Reference: (Effect of low dose oxandrolone and testosterone treatment on the pituitary-testicular and GH axes in boys with constitutional delay of growth and puberty. Crowne EC, Wallace WH, Moore C, Mitchell R, Robertson WH, Holly JM, Shalet SM. )
OBJECTIVE: We studied the effects of oxandrolone on serum concentrations of LH, FSH, testosterone, GH, SHBG, DHEAS, IGF-I and insulin in boys with constitutional delay of growth and puberty.
DESIGN: Ten boys with constitutional delay of growth and puberty, mean age 13.8 years (range 12.4-15.5) were studied. Twenty-four-hour serum concentration profiles of GH, LH and FSH were constructed by drawing blood samples at 20-minute intervals. Three study occasions over a period of 6 months were chosen to assess hormone concentrations before, during and 6 weeks after a 3-month course of oxandrolone (2.5 mg once daily) therapy.

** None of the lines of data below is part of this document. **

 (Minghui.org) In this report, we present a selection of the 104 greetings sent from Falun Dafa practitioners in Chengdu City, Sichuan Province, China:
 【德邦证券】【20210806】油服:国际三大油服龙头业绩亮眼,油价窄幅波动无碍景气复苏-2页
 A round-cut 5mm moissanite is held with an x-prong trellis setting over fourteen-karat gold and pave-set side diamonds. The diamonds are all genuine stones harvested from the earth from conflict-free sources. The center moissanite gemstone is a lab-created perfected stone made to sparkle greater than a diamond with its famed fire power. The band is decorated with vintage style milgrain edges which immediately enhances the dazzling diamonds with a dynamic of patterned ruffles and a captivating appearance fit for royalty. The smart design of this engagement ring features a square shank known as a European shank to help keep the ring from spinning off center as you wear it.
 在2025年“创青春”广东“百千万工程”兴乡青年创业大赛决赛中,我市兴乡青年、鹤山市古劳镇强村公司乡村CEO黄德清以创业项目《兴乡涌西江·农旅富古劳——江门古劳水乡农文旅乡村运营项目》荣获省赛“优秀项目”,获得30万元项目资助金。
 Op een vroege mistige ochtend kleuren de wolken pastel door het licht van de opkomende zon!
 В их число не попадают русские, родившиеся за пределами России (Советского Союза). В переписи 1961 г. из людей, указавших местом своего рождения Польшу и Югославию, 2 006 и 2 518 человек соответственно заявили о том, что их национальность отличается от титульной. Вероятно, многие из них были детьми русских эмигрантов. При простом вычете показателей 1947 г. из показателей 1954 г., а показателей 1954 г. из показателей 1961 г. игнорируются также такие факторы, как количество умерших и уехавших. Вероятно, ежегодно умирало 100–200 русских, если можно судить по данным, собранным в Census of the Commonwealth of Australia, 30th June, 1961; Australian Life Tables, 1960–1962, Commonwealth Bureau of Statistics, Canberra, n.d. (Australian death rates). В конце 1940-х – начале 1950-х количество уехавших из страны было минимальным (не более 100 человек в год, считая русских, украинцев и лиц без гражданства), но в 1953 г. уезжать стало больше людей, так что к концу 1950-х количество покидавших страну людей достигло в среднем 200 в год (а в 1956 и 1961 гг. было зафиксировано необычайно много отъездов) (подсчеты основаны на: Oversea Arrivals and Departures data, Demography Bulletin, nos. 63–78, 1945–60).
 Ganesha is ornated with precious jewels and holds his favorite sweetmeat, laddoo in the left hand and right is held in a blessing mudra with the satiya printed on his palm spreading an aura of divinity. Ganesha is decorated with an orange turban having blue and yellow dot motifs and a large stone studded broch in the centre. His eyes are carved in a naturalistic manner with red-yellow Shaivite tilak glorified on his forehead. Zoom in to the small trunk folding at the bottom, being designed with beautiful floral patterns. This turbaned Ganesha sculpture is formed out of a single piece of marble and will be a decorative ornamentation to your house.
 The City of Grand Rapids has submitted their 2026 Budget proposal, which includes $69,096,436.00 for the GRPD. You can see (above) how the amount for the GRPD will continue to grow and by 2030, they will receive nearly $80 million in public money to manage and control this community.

RESULTS: Growth velocity increased during oxandrolone treatment and stayed higher after therapy (pre 3.9 +/- 0.5; on 6.3 +/- 0.8; post 6.4 +/- 0.9 cm/year (mean +/- SEM) two way ANOVA, F = 5.3, P = 0.02). Oxandrolone had androgenic effects, suppressing mean serum LH concentrations from 1.7 +/- 0.3 to 1.1 +/- 0.2 U/I and serum testosterone concentrations from 1.9 +/- 0.6 to 0.8 +/- 0.1 nmol/l. SHBG concentrations were also reduced from 130.9 +/- 14.6 to 30.7 +/- 7.3 nmol/l. Serum GH concentration fell slightly from 5.9 +/- 0.6 to 4.8 +/- 0.5 mU/l. After cessation of treatment, there was a significant 'rebound' in mean 24-hour serum LH (2.6 U/l +/- 0.4) and testosterone concentrations (3.2 +/- 0.9 nmol/l) but no change in serum GH concentrations. SHBG values also rose but not to the same extent as those observed before therapy (82.0 +/- 8.4 nmol/l). There were no statistically significant differences in serum concentrations of FSH, DHEAS, IGF-I and insulin over the study period. In a stepwise multiple regression analysis of factors that might influence the growth rate observed, the 24-hour mean serum testosterone concentration and the treatment (on or off) with oxandrolone were the main influences. The relationship was described by the equation Height velocity = 0.69 (24-hour mean serum testosterone concentration)+1.70 (treatment regimen)+3.37 (adjusted R2 = 0.35, F = 8.39, P = 0.001).
CONCLUSIONS: Oxandrolone has an androgenic action as shown by changes in serum LH, testosterone and SHBG concentrations and by the lack of effect on FSH. No effect of oxandrolone on the GH axis was documented. We suggest that the growth promoting effects of oxandrolone are related in part to the mild androgenic effects of the steroid and the growth acceleration following oxandrolone withdrawal may reflect increasing total serum testosterone concentrations and decreasing levels of SHBG and progress in puberty.
A
ALIN
Guest
I think it depends on the dosage and length.
I have seen bloodwork that showed suppression.
I would always use a PCT following an ANAVAR cycle.